Scott McClellan’s Memoirs: Former Press Secretary Speaks Out

Scott McClellan, a former Bush press secretary, recently released his memoirs, What Happened: Inside the Bush White House and Washington’s Culture of Deception.  There are some things cited in this article that impressed me.  One of them was how Mr. McClellan admires and respects the president as an individual, but had a hard time with the manner some things were carried out.

I also like his humility, as evidenced by this statement:

I frequently stumbled along the way…My own story, however, is of small importance in the broad historical picture. More significant is the larger story in which I played a minor role: the story of how the presidency of George W. Bush veered terribly off course.

He had a hard time with some members of the Bush administration.  Regarding the ardent defense of the war in Iraq and the war on terror, he remarks:

But he {President Bush] and his advisers confused the propaganda campaign with the high level of candor and honesty so fundamentally needed to build and then sustain public support during a time of war. … In this regard, he was terribly ill-served by his top advisers, especially those involved directly in national security.

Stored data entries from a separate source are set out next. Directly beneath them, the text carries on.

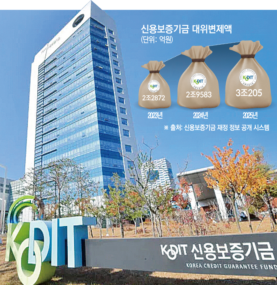 2일 신보 재정정보공개시스템에 따르면 작년말 기준 4대 대위변제액(일반보증·유동화회사보증·소상공인위탁보증·대환보증)규모는 총 3조205억 원으로 집계됐다. 2023년 2조2872억 원, 2024년 2조9583억 원으로 3년 연속 가파른 상승세다.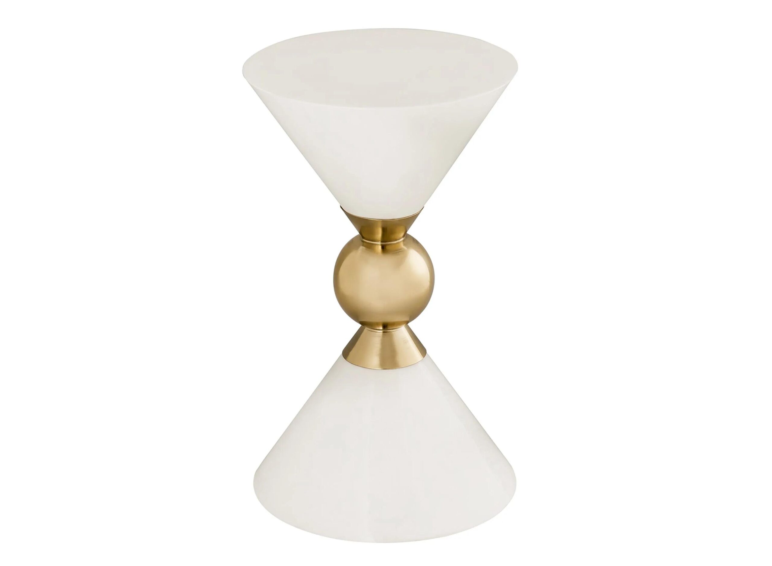 Boasting an hourglass design and a gold finish that contrasts beautifully with its two available color options, the Balhi Side Table will allow you easily to add a fashionable statement to your space.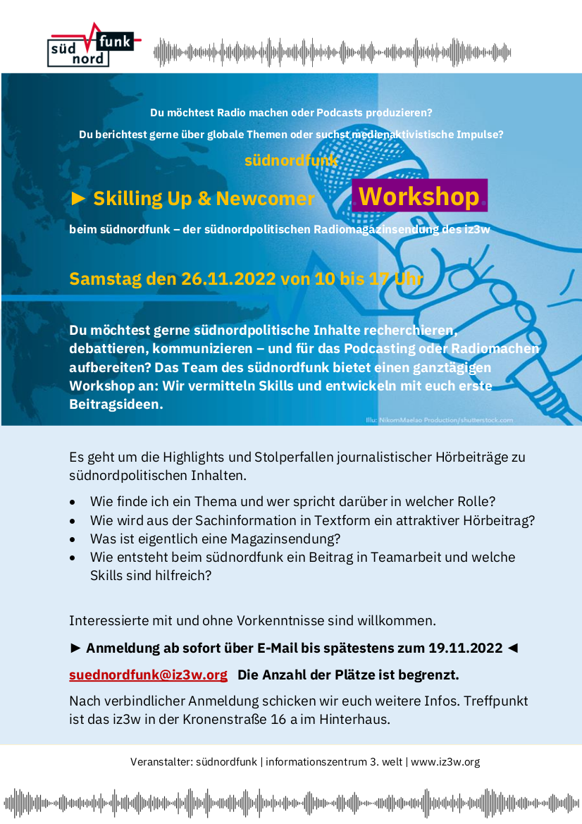 ► Anmeldung ab sofort per E-Mail bis zum 21.11. ► suednordfunk@iz3w.org Die Anzahl der Plätze ist begrenzt.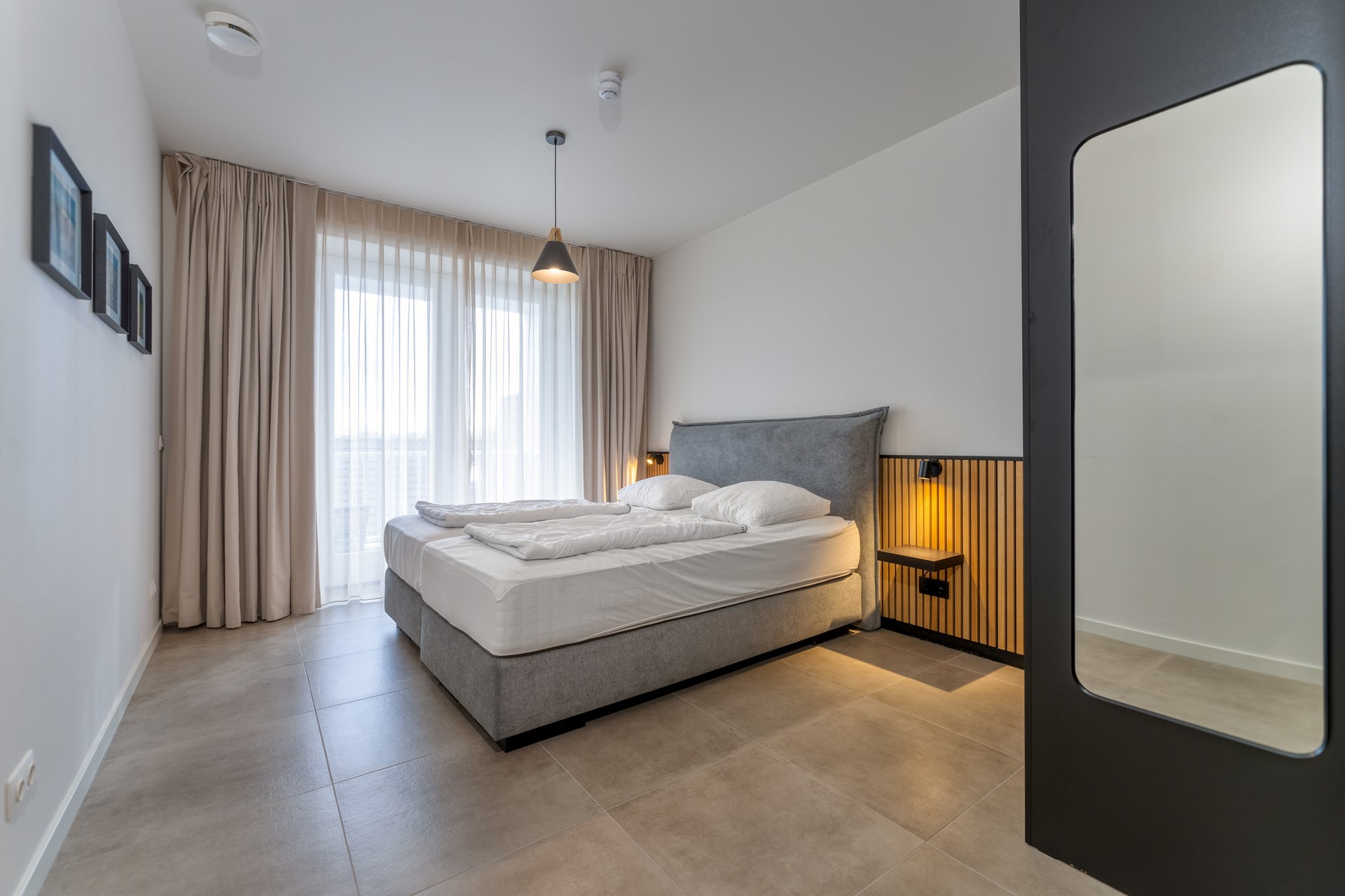 De slaapkamers zijn comfortabel ingericht en bieden voldoende kastruimte — perfect voor gasten of familie die willen meegenieten van het verblijf aan zee.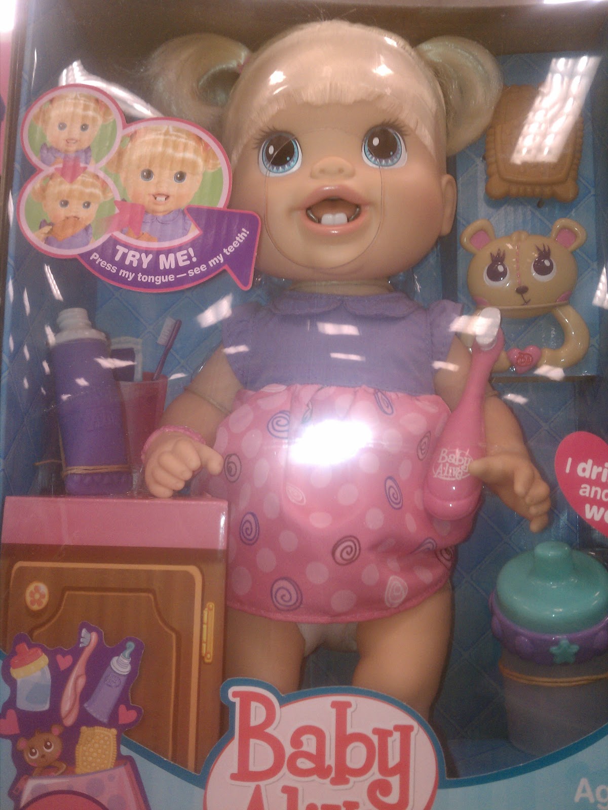 Then there was, what the hell is it? Creepy little Baby Alive, as compared to what? Baby Dead? (The brand name is Baby Alive. I did not make this up.) The expression on this doll freaked me out. I thought she was going crawl out of the package and start chewing on some part of my anatomy, and not in a good way. Furthermore, they want passerbys to reach in and touch that mouth. (See it says so on the box, "TRY ME!" just in case you missed the creepy little open mouth and the creepy little buck teeth that are ready to chomp down on you, dumbass.) Like ewwy:

His biggest issue was with the Iraq war.  He writes:

History appears poised to confirm what most Americans today have decided: that the decision to invade Iraq was a serious strategic blunder. No one, including me, can know with absolute certainty how the war will be viewed decades from now when we can more fully understand its impact. What I do know is that war should only be waged when necessary, and the Iraq war was not necessary.

Simple, clear, and concise.  “War should only be waged when necessary, and the Iraq war was not necessary.”  I like it.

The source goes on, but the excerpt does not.